What the task asks:
Using the entries below, write out the line with "Nickel-plated steel flap", the line with "from UBS issued", and every line in between, exactly as each is written.

Supplied information:
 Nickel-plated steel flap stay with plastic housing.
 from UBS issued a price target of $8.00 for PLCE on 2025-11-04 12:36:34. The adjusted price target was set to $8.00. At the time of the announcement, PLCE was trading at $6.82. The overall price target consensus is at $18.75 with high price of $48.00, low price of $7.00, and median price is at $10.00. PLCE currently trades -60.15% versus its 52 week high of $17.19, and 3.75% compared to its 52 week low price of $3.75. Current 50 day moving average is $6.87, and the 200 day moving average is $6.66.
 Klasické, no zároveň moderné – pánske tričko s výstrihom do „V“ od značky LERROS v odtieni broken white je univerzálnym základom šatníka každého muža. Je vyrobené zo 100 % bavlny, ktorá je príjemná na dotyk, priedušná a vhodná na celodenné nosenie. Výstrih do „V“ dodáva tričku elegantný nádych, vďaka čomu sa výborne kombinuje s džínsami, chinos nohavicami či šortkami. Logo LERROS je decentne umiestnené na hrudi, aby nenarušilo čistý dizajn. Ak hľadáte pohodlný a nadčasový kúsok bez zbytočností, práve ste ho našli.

--

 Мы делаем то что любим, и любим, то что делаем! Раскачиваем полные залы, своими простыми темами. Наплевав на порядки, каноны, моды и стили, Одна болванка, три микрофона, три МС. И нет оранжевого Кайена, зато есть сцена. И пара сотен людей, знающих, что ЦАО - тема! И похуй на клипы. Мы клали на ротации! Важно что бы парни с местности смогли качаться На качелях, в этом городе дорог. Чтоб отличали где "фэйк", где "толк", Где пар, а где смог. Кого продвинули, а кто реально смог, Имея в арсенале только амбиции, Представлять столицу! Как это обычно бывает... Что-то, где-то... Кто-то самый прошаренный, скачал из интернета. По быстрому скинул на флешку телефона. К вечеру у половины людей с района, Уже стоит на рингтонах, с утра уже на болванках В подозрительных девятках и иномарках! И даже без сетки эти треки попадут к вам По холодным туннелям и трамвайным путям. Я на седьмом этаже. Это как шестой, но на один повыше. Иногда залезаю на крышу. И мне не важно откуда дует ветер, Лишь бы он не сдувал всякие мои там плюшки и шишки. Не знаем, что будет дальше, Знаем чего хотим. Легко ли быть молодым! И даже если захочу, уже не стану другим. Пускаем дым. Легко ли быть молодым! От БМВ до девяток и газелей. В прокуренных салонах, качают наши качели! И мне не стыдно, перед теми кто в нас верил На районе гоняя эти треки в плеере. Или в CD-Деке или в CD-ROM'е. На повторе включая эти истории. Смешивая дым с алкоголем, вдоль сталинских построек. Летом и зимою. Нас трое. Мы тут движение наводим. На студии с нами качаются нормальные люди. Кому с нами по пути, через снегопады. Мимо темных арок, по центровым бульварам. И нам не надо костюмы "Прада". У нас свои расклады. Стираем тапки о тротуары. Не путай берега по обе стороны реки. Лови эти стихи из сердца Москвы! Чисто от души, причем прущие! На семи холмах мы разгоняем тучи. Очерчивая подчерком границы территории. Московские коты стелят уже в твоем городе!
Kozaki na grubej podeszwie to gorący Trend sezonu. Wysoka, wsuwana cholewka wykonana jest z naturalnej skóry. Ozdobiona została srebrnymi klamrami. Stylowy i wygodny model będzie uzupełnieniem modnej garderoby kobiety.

Task output:
 Nickel-plated steel flap stay with plastic housing.
 from UBS issued a price target of $8.00 for PLCE on 2025-11-04 12:36:34. The adjusted price target was set to $8.00. At the time of the announcement, PLCE was trading at $6.82. The overall price target consensus is at $18.75 with high price of $48.00, low price of $7.00, and median price is at $10.00. PLCE currently trades -60.15% versus its 52 week high of $17.19, and 3.75% compared to its 52 week low price of $3.75. Current 50 day moving average is $6.87, and the 200 day moving average is $6.66.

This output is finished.